Task details: Below are the records; give again exactly the lines from the one containing "Betreff: Re: Krims, Krams" through the one containing "What fun! Leave", leaving out pictures.

Records provided:
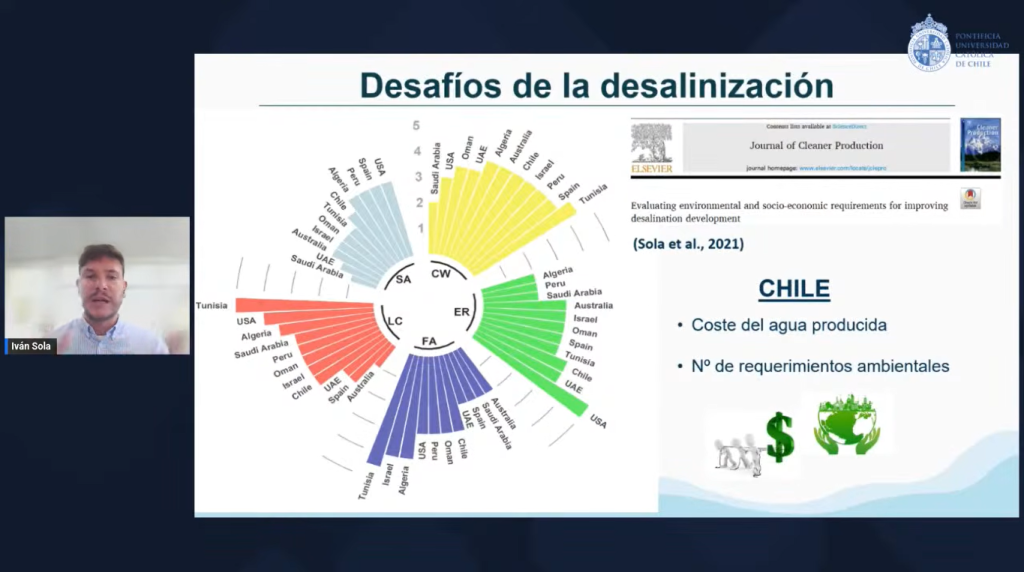 Durante su exposición, el Profesor Asistente del Departamento de Ingeniería Hidráulica y Ambiental de la Escuela de Ingeniería UC, Iván Sola, abordó los principales desafíos que enfrenta hoy la industria de la desalación, señalando que éstos varían según el contexto de cada país. En el caso de Chile, subrayó la urgencia de enfrentar el desafío socioambiental, mediante una adecuada gestión de los potenciales impactos ambientales y sociales asociados a estos proyectos.
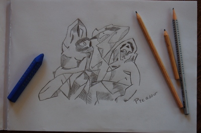 Betreff: Re: Krims, Krams und Krempel - Young Indy Stuff only Ich hatte mal wieder Muße, zum Zeichenstift zu greifen. Daher heute etwas Kubismus mit Bordmitteln - die von Norman Rockwell gezeichnete und von Picasso signierte Skizze aus der "Paris 1908"-Folge, Vorlage hier: http://www.youtube.com/...t=1h29m27s |
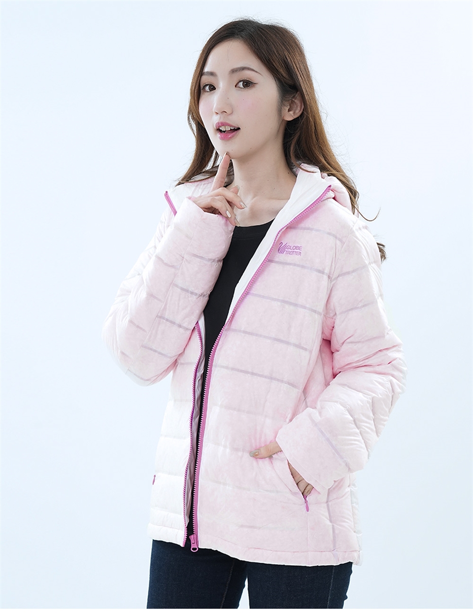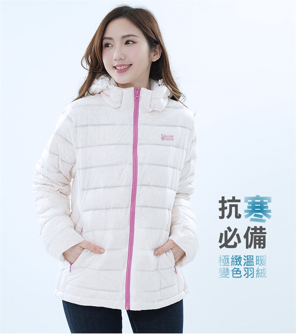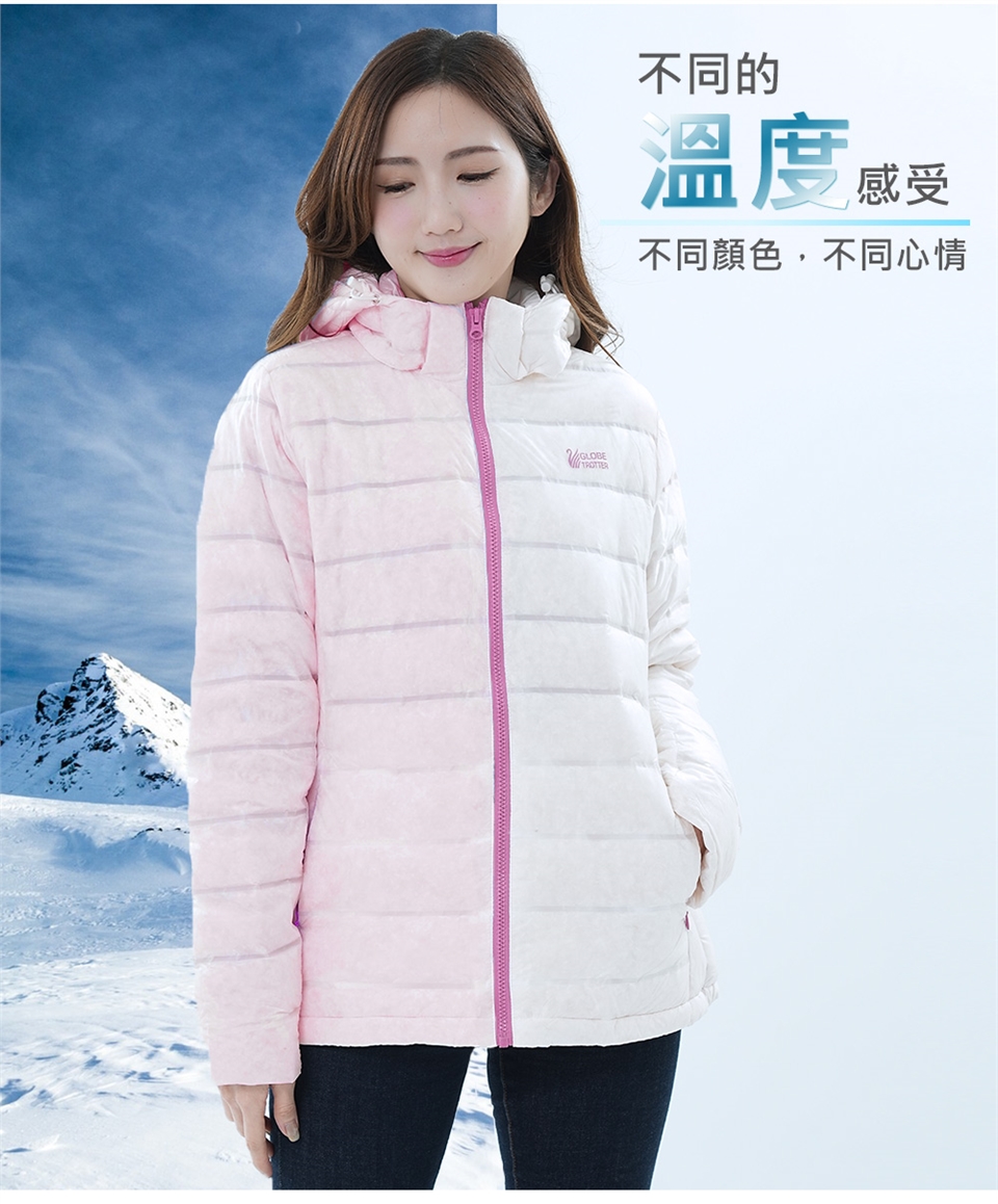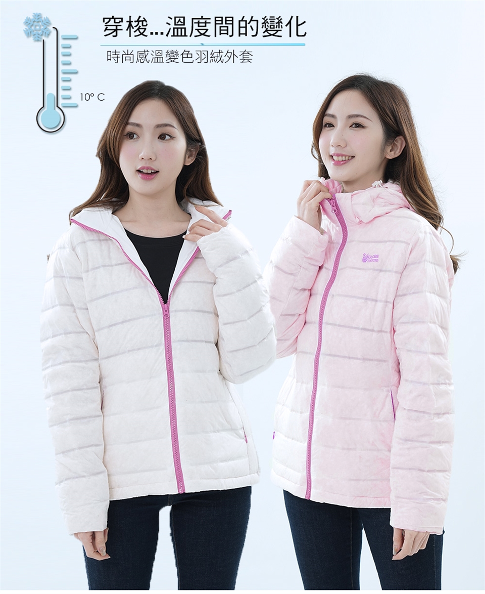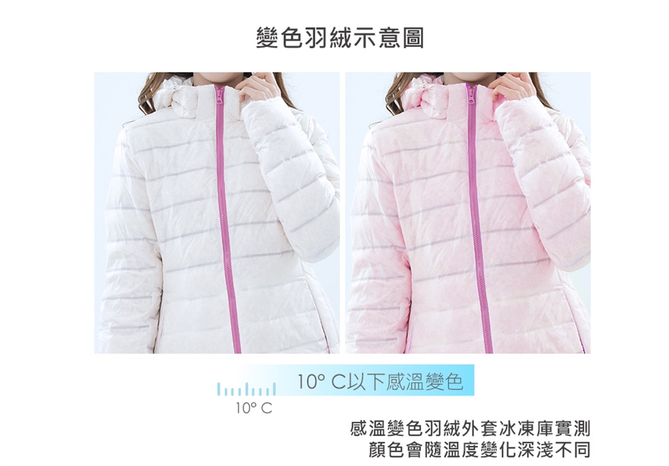 *白色羽絨外套, 隨著溫度變化, 顏色變成粉紅色
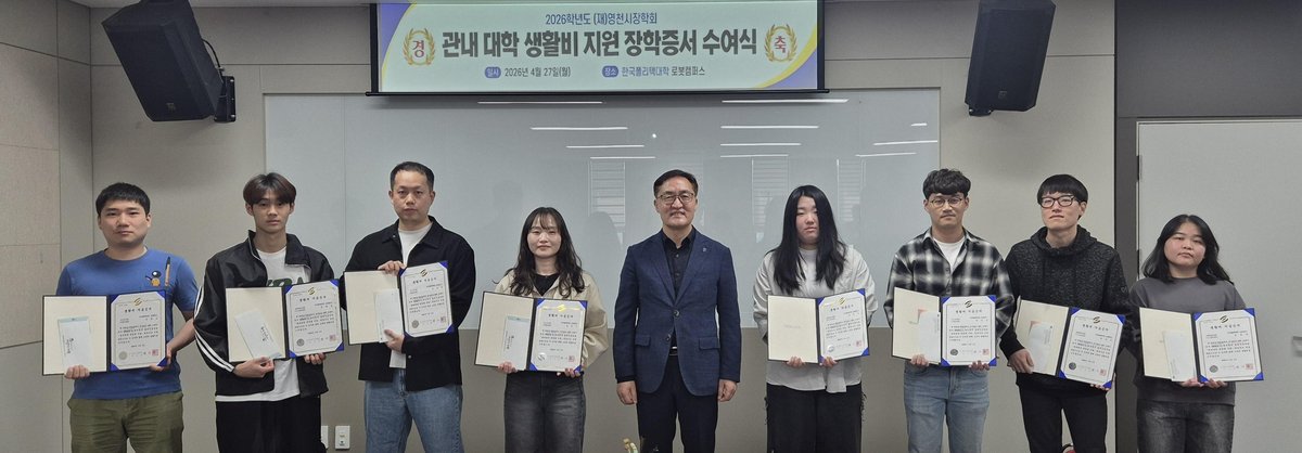 영천시가 지역 미래 인재 육성을 위해 한국폴리텍대학 로봇캠퍼스 학생들에게 생활비 장학금을 지원했다. 영천시장학회는 지난 27일 로봇캠퍼스 본관 대회의실에서 ‘2026년도 관내 대학 생활비 지원 장학증서 수...
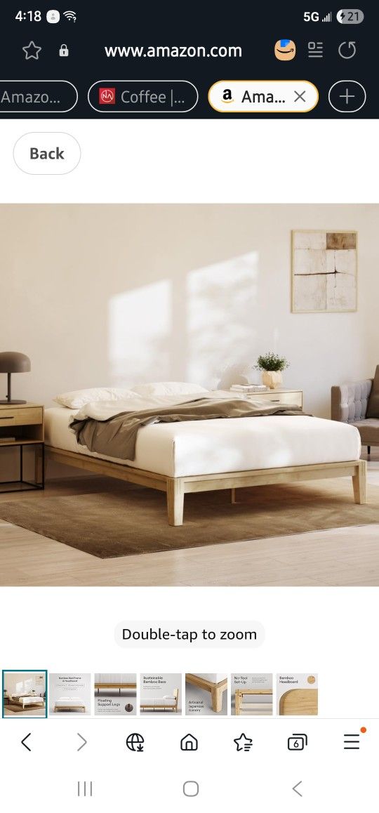 Nectar Bamboo Platform Bed Frame - Queen - Natural - Floating Center Support Legs - 12” Height - Easy Tool Free Set Up - Contemporary and Durable -
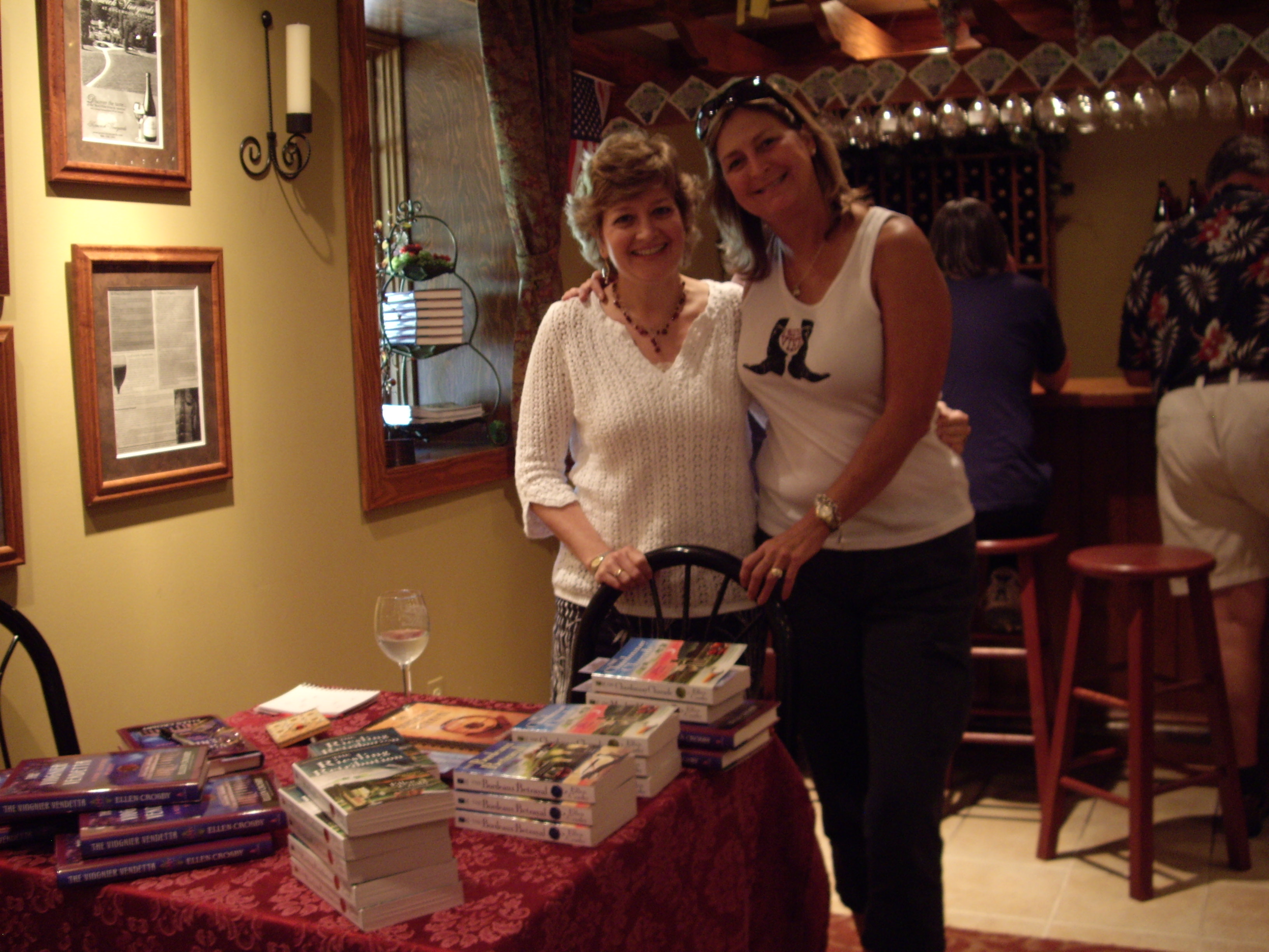 What fun! Leave it to Keswick Vineyards to make everyone feel at home in what could be an otherwise stuffy environment. Ellen Crosby, was approachable and friendly, signing her new book,THE VIOGNIER VENDETTAas Keswick released with anticipation their 2009 Viognier Estate Reserve! Ellen combines history, wine making and our locale to create a suspenseful romantic tale for oenophiles and mystery lovers alike. We purchased a bottle and her book, but, in retrospect should have bought more of her books and more of the Viognier! Her previous novel, The Riesling Retributionwas selected as one of 5 finalists for the 7th Annual People’s Choice Awards sponsored by the Library of Virginia. Afterthoughts…we did take home their 2009 Norton and enjoyed it with an appetizer watching our favorite non- home grown team, The Dallas Cowboys. If we hadn’t taped the game, we might have stayed long enough to adopt one of the adorable schnauzer-beagle mix puppies featured at Yappy Hours!
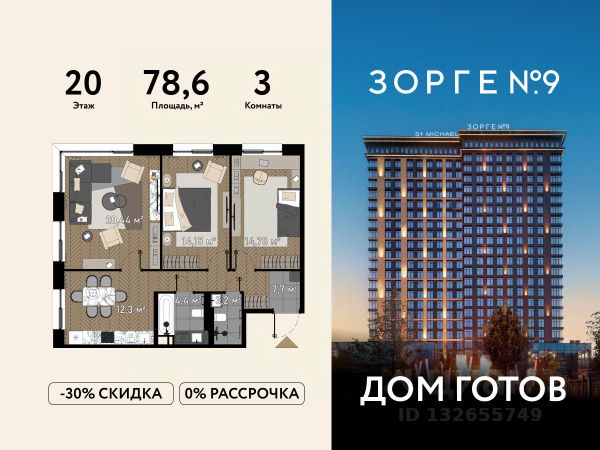 "Зорге 9" — готовые апартаменты бизнес-класса на Ходынке. 10 минут до Москва-Сити. Архитектура: 3 современных корпуса с фасадами в стиле архитектуры Нью-Йорка и с сервисами премиальных отелей, высотой до 23 этажа. Строгие линии, панорамные окна создают ощущение неподдельной роскоши и комфортной жизни в сердце мегаполиса. Проект награжден авторитетной премией European Property Awards. Резиденции: Свободная планировка, небольшая глубина этажа, огромные панорамные окна в пол до 3,6 м и высота потолков до от 3,3 до 4,3 м позволяют реализовать самые смелые концептуальные идеи и создать идеальный интерьер с учетом всех пожеланий. Вдохновляющие виды на город украсят ваш апартамент лучше любой картины. Есть возможность приобретения дизайн-проекта и полной меблировки апартаментов от партнеров девелопера. Расположение: 3 мин. пешком до парка Березовая роща 10 мин. пешком до Ходынского поля 10 мин. до ТЦ Авиапарк 30 минут до Шереметьево 10 мин до Москва-Сити или 1 станция до Москва-Сити 5 минут до ТТК 4 станции метро в шаговой доступности: 6 мин м. Полежаевская (фиолетовая ветка) 7 мин МЦК Зорге (МЦК) 7 мин м. Хорошевская (голубая ветка) 10 мин МЦК Хорошёво (МЦК) Благоустройство: Собственный парк 2 га с амфитеатром и поющими фонтанами. В парке высажено 136 деревьев и более 11 000 кустов и мелких растений из немецких питомников. Площадка для йоги и воркаут-зона со спортивными площадками. Теннисные столы и детский плейхаб Две башни Авторское гранд-лобби В лобби предусмотрена лаундж-зона, чайная с камином, комната для хранения велосипедов и колясок. Доступ по системе FACE ID. В отделке лобби и лифтовых холлов использован декоративный камень итальянского бренда Atlas Concorde Пентхаусы На верхнем уровне комплекса расположены роскошные просторные пентхаусы с высотой потолка до 4,2 метра и панорамными окнами до 3,6 метров, открывающими великолепные виды на столицу. Пентхаусы с выходами на собственные приватные террасы на кровле, площадью от 150 кв. м являются жильем high-уровня, демонстрирующим высокий статус владельца. 3-комнатная квартира от застройщика на улице Зорге в Москве.
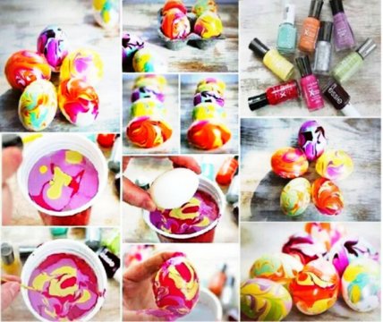 Такой необычный способ подходит не только для маникюра но и в качестве пасхального декора. Хорошая возможность дать "вторую жизнь" лакам для ногтей, поскольку можно взять уже подсохшие. Для того чтобы воспользоваться этим методом нужно в чашку с водой поочерёдно налить лаки и опустить туда пустую скорлупу, предварительно закрепив её на палочке. Таким образом удастся без повреждений вытащить готовое изделие и не испачкать руки.
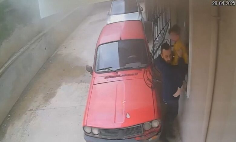 O anlar apartmanın güvenlik kamerasına da yansıdı.
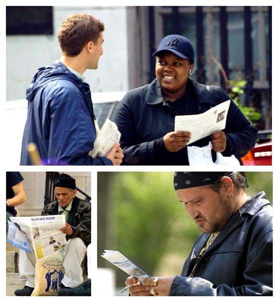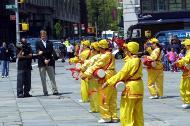 整个庆祝活动中,民众对法轮功表达了极大的关注和喜爱。资料供不应求,近2500份英文报纸送到了人们的手中,许多人驻留观看法轮功学员表演功法,聆听学员的发言,停下来和学员交谈,了解法轮功和中国发生的迫害,询问学习班的情况。一些人当场模仿学员的动作,有两位直接走進学员打坐的队伍中,和学员一起打坐。一位老者模仿第二套功法,当学员给他资料时,老者发自内心的喜悦,不停的真诚的说“谢谢”,并吹笛子和着“法轮大法好”的音乐。两位年轻的中国人观看了大部分的节目并拿了真象资料。
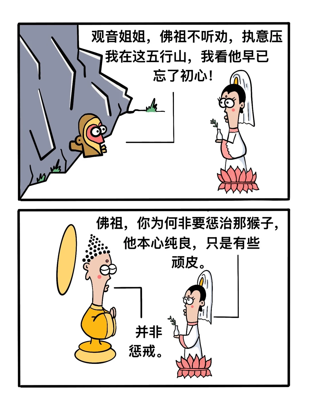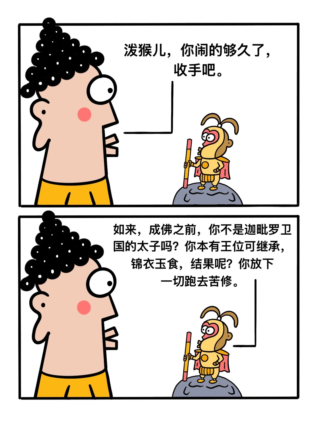 搞笑漫画 治愈系漫画 脑洞大开 佛系 神话 一颗善良的心 佛曰众生皆苦唯有自渡 泼猴儿与糖三角 原创漫画 西游记
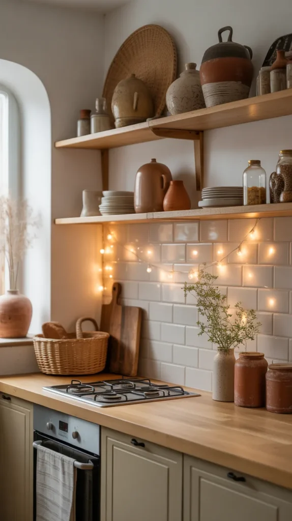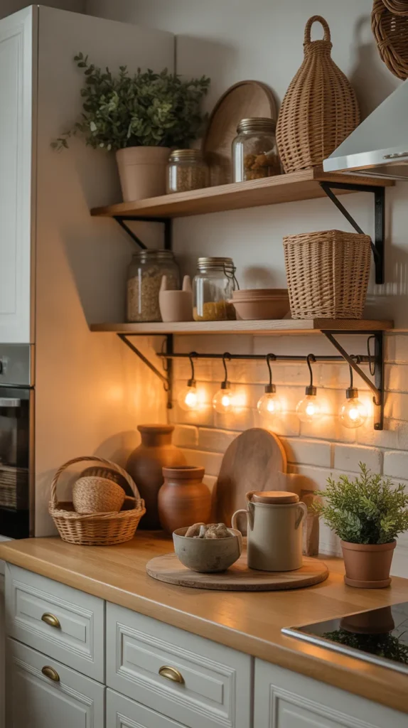 A cozy kitchen is the heart of the home—welcoming, warm, and filled with personality. Creating a cozy kitchen means adding natural textures, soft lighting, warm colors, open shelves, rustic accessories, and intimate seating. Even small kitchens can feel cozy with simple touches like warm countertop lights, wooden boards, ceramic jars, woven baskets, and soft rugs.
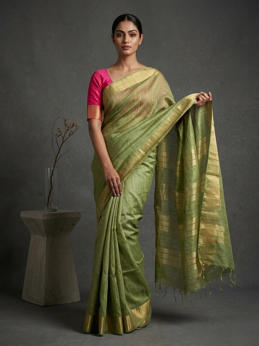 Green Semi Tussar Silk Saree
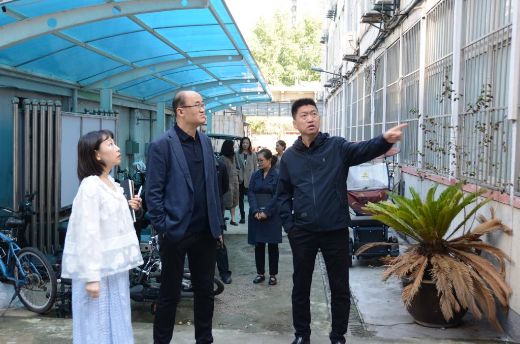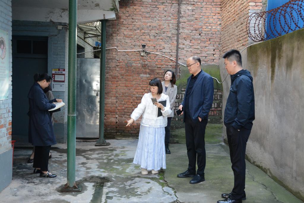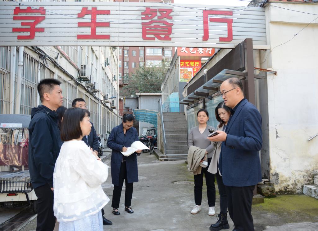 检查组一行深入校园各处巡查
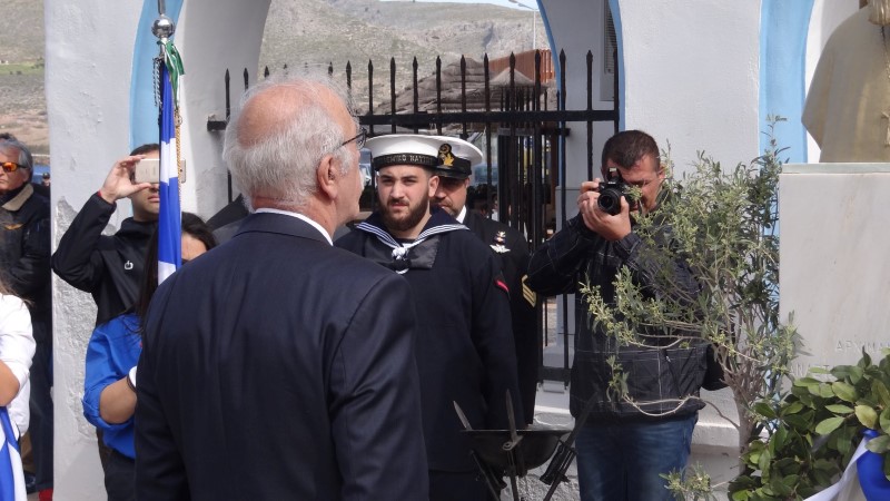 Μετά το πέρας της Δοξολογίας, Κλήρος, Αρχές και Λαός, κατευθύνθηκαν στην Αγία Μαρίνα, όπου προ της προτομής του παπα-Αναστάση Ζαφειρόπουλου, εψάλλη επιμνημόσυνος δέησις και έγιναν οι καταθέσεις στεφάνων. Τιμές απέδωσε η Φιλαρμονική του Δήμου Λέρου και άγημα του Στρατού.

Solution:
 Betreff: Re: Krims, Krams und Krempel - Young Indy Stuff only Ich hatte mal wieder Muße, zum Zeichenstift zu greifen. Daher heute etwas Kubismus mit Bordmitteln - die von Norman Rockwell gezeichnete und von Picasso signierte Skizze aus der "Paris 1908"-Folge, Vorlage hier: http://www.youtube.com/...t=1h29m27s |
 *白色羽絨外套, 隨著溫度變化, 顏色變成粉紅色
 영천시가 지역 미래 인재 육성을 위해 한국폴리텍대학 로봇캠퍼스 학생들에게 생활비 장학금을 지원했다. 영천시장학회는 지난 27일 로봇캠퍼스 본관 대회의실에서 ‘2026년도 관내 대학 생활비 지원 장학증서 수...
 Nectar Bamboo Platform Bed Frame - Queen - Natural - Floating Center Support Legs - 12” Height - Easy Tool Free Set Up - Contemporary and Durable -
 What fun! Leave it to Keswick Vineyards to make everyone feel at home in what could be an otherwise stuffy environment. Ellen Crosby, was approachable and friendly, signing her new book,THE VIOGNIER VENDETTAas Keswick released with anticipation their 2009 Viognier Estate Reserve! Ellen combines history, wine making and our locale to create a suspenseful romantic tale for oenophiles and mystery lovers alike. We purchased a bottle and her book, but, in retrospect should have bought more of her books and more of the Viognier! Her previous novel, The Riesling Retributionwas selected as one of 5 finalists for the 7th Annual People’s Choice Awards sponsored by the Library of Virginia. Afterthoughts…we did take home their 2009 Norton and enjoyed it with an appetizer watching our favorite non- home grown team, The Dallas Cowboys. If we hadn’t taped the game, we might have stayed long enough to adopt one of the adorable schnauzer-beagle mix puppies featured at Yappy Hours!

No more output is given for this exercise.